EXERCISE DIRECTIONS: Beginning with the line that has "为进一步提高课程教学质量,做" and ending with the line that has "Умывальник Sanita Luxe", retype the entries below exactly, except for the pictures.

SOURCE MATERIAL:
◇ ◇ ◇ ◇

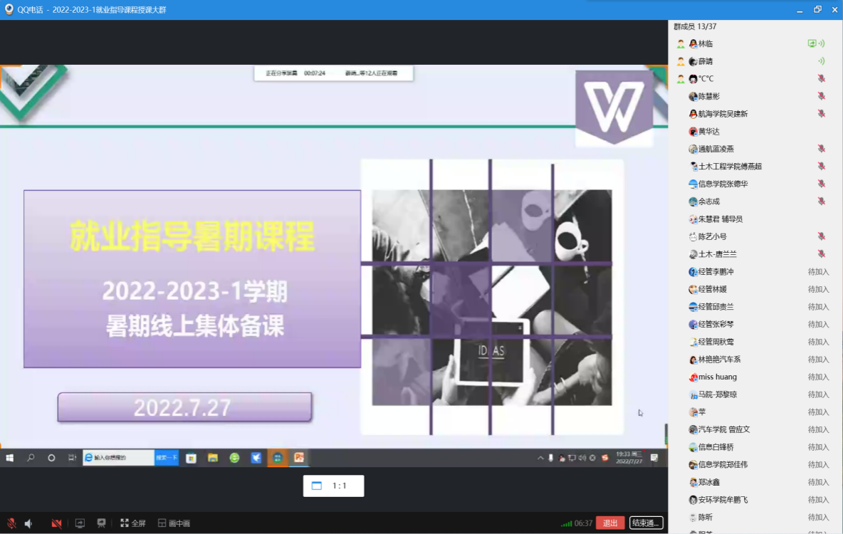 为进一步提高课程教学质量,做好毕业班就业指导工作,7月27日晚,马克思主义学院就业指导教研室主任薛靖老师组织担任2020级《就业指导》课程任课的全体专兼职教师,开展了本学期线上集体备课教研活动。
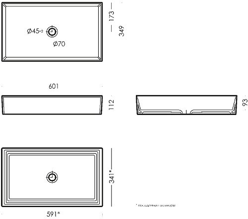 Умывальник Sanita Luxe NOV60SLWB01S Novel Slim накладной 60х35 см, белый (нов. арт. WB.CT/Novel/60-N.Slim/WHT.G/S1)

◇ ◇ ◇ ◇

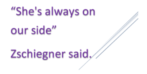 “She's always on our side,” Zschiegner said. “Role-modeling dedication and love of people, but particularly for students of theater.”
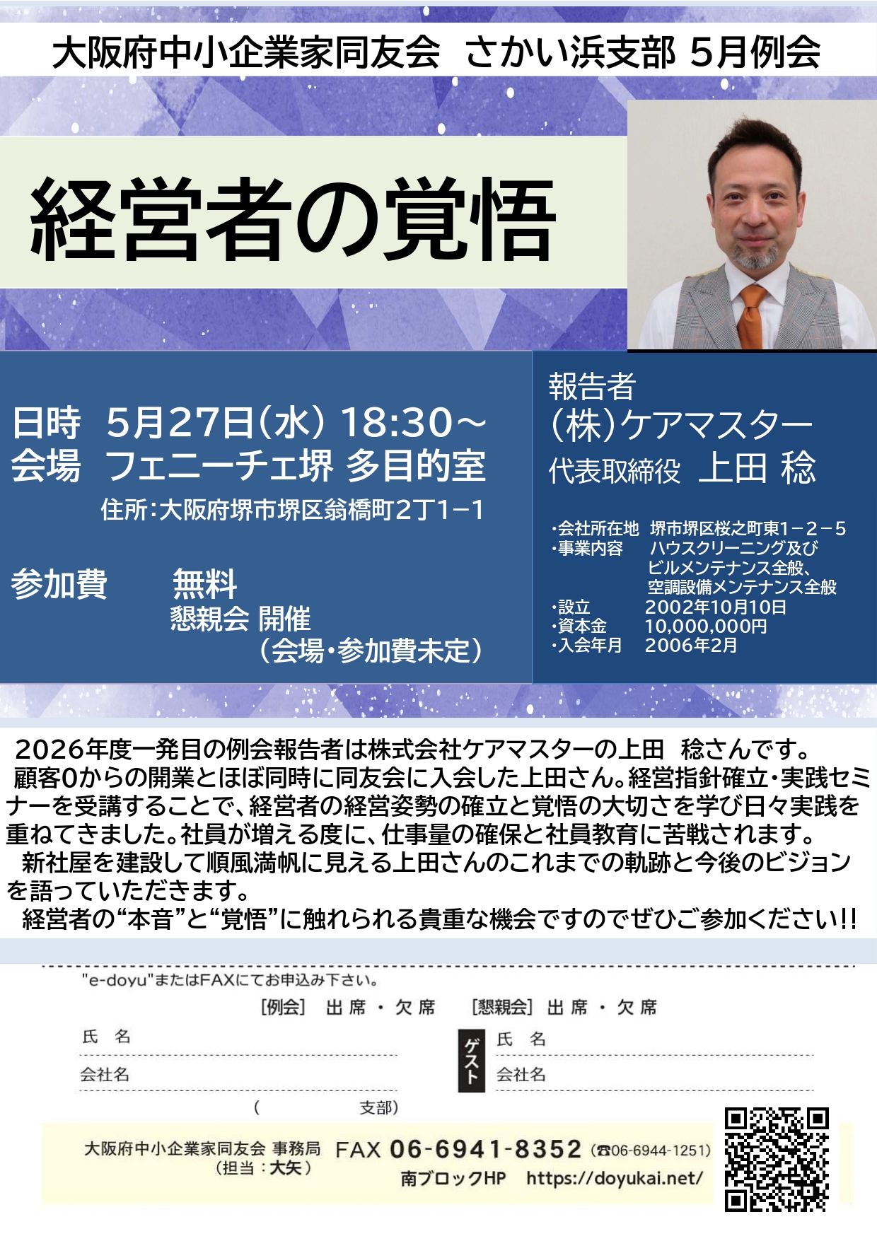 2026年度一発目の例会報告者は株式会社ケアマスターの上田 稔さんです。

◇ ◇ ◇ ◇

SOLUTION TO THIS PROBLEM:
 为进一步提高课程教学质量,做好毕业班就业指导工作,7月27日晚,马克思主义学院就业指导教研室主任薛靖老师组织担任2020级《就业指导》课程任课的全体专兼职教师,开展了本学期线上集体备课教研活动。
 Умывальник Sanita Luxe NOV60SLWB01S Novel Slim накладной 60х35 см, белый (нов. арт. WB.CT/Novel/60-N.Slim/WHT.G/S1)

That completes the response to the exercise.